ASSIGNMENT:
Write out the full set of records exactly. Any pictures in them do not belong in the copy.

====

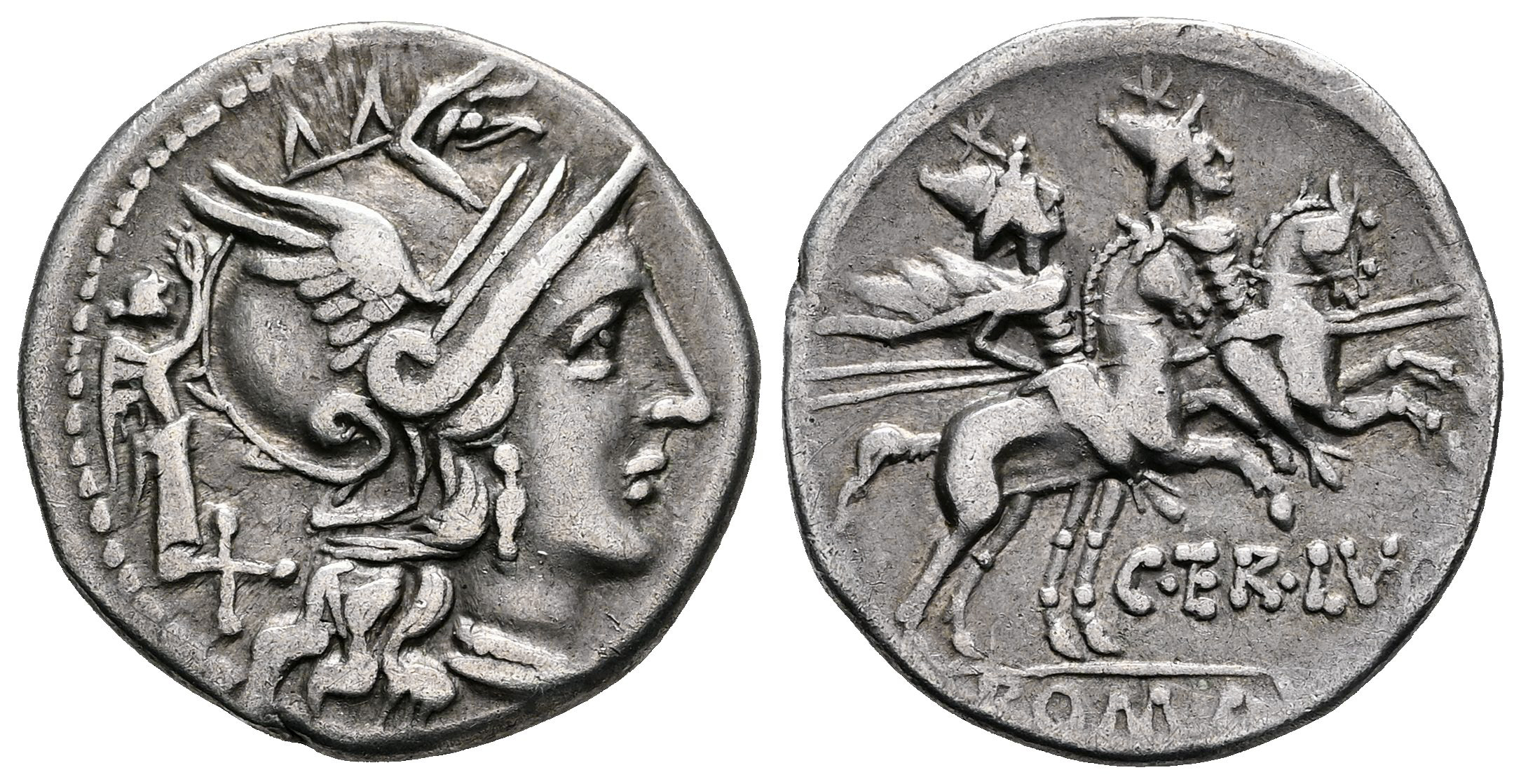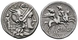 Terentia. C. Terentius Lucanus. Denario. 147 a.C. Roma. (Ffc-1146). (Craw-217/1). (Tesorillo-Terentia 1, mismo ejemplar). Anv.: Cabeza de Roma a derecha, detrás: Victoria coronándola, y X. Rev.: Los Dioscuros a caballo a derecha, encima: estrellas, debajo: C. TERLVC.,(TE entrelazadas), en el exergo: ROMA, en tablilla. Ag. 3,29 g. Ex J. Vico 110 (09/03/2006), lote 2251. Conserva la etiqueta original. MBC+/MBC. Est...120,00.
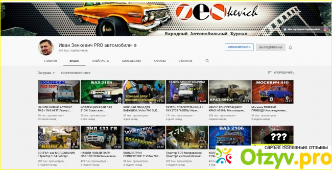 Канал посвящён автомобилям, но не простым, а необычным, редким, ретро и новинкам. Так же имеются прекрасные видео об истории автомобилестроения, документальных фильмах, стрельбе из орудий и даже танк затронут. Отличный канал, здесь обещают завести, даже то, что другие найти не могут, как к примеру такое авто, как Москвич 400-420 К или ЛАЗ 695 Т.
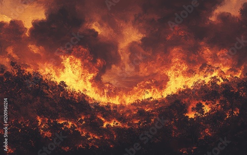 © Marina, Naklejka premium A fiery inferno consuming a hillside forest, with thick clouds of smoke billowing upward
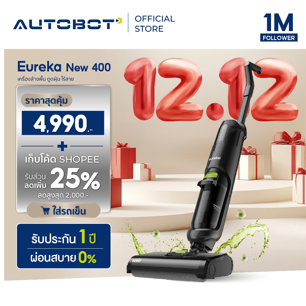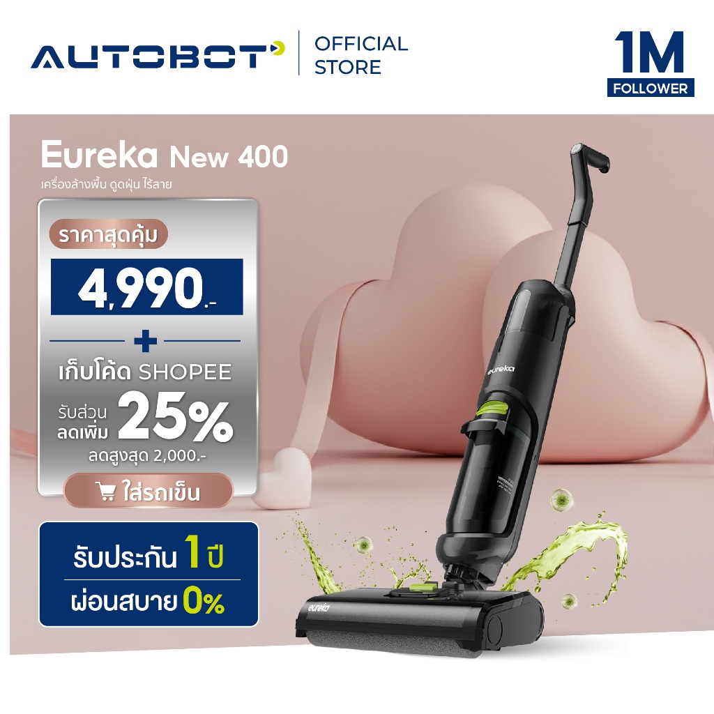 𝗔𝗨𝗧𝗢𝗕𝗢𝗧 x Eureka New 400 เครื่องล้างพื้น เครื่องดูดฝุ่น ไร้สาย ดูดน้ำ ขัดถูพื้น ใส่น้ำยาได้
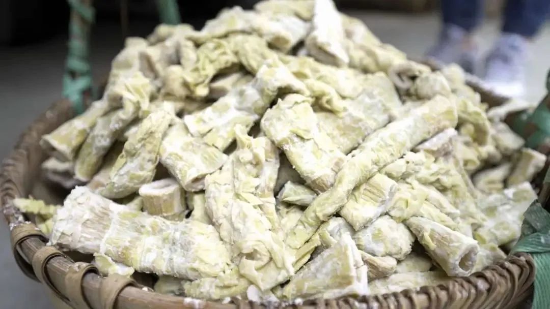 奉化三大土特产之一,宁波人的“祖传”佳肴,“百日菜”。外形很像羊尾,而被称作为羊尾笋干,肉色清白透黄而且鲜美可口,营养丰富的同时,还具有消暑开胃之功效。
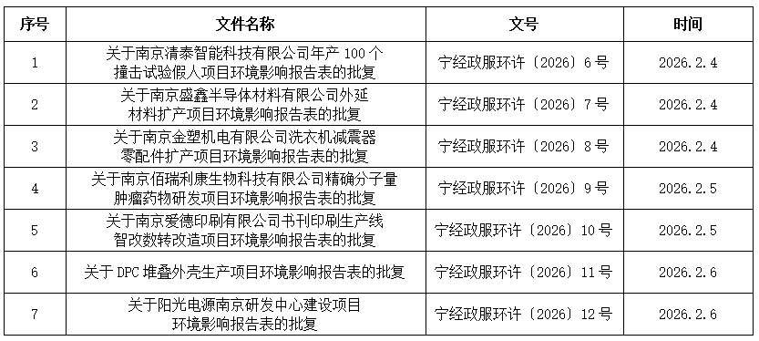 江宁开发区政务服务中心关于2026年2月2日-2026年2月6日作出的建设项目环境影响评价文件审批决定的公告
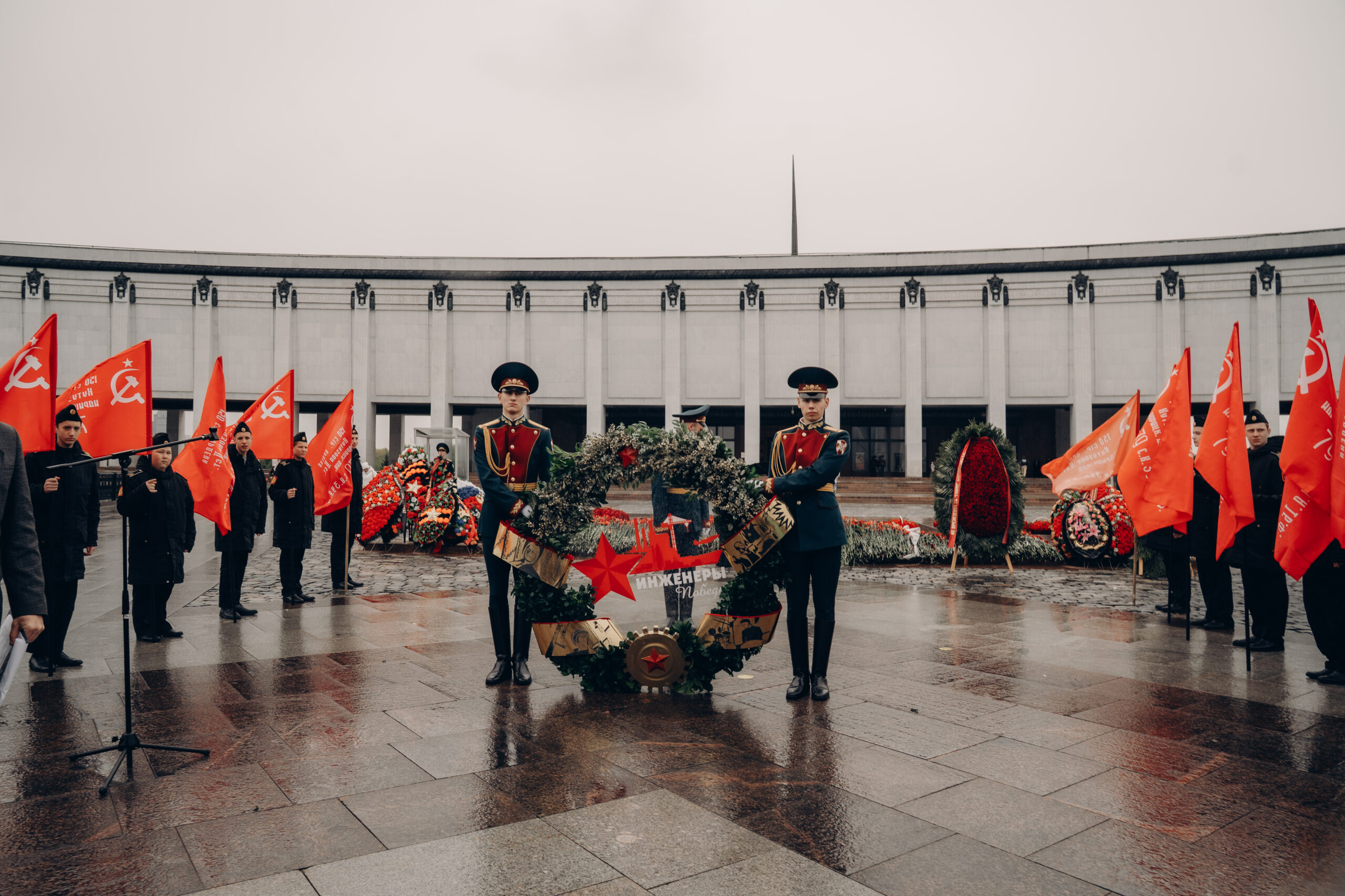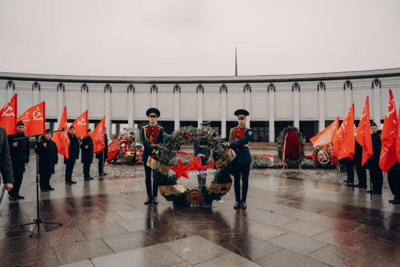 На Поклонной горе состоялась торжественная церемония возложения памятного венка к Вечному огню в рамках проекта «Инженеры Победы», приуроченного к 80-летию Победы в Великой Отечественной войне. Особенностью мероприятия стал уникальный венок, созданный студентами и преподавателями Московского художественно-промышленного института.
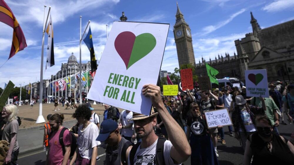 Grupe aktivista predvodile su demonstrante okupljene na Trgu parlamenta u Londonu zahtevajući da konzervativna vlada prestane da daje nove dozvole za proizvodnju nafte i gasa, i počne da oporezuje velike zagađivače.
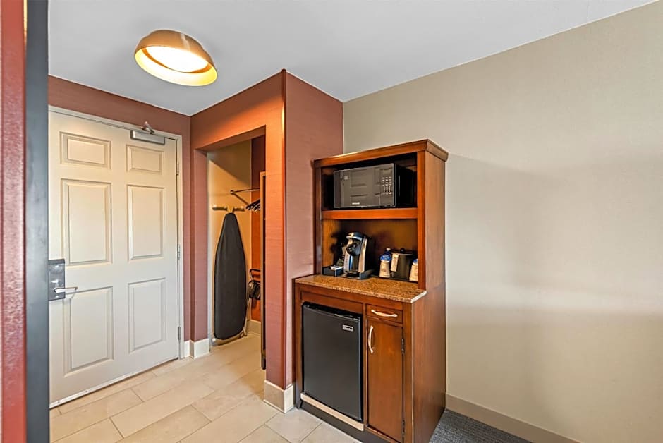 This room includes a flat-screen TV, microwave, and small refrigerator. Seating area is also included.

====

RESPONSE:
 Terentia. C. Terentius Lucanus. Denario. 147 a.C. Roma. (Ffc-1146). (Craw-217/1). (Tesorillo-Terentia 1, mismo ejemplar). Anv.: Cabeza de Roma a derecha, detrás: Victoria coronándola, y X. Rev.: Los Dioscuros a caballo a derecha, encima: estrellas, debajo: C. TERLVC.,(TE entrelazadas), en el exergo: ROMA, en tablilla. Ag. 3,29 g. Ex J. Vico 110 (09/03/2006), lote 2251. Conserva la etiqueta original. MBC+/MBC. Est...120,00.
 Канал посвящён автомобилям, но не простым, а необычным, редким, ретро и новинкам. Так же имеются прекрасные видео об истории автомобилестроения, документальных фильмах, стрельбе из орудий и даже танк затронут. Отличный канал, здесь обещают завести, даже то, что другие найти не могут, как к примеру такое авто, как Москвич 400-420 К или ЛАЗ 695 Т.
 © Marina, Naklejka premium A fiery inferno consuming a hillside forest, with thick clouds of smoke billowing upward
 𝗔𝗨𝗧𝗢𝗕𝗢𝗧 x Eureka New 400 เครื่องล้างพื้น เครื่องดูดฝุ่น ไร้สาย ดูดน้ำ ขัดถูพื้น ใส่น้ำยาได้
 奉化三大土特产之一,宁波人的“祖传”佳肴,“百日菜”。外形很像羊尾,而被称作为羊尾笋干,肉色清白透黄而且鲜美可口,营养丰富的同时,还具有消暑开胃之功效。
 江宁开发区政务服务中心关于2026年2月2日-2026年2月6日作出的建设项目环境影响评价文件审批决定的公告
 На Поклонной горе состоялась торжественная церемония возложения памятного венка к Вечному огню в рамках проекта «Инженеры Победы», приуроченного к 80-летию Победы в Великой Отечественной войне. Особенностью мероприятия стал уникальный венок, созданный студентами и преподавателями Московского художественно-промышленного института.
 Grupe aktivista predvodile su demonstrante okupljene na Trgu parlamenta u Londonu zahtevajući da konzervativna vlada prestane da daje nove dozvole za proizvodnju nafte i gasa, i počne da oporezuje velike zagađivače.
 This room includes a flat-screen TV, microwave, and small refrigerator. Seating area is also included.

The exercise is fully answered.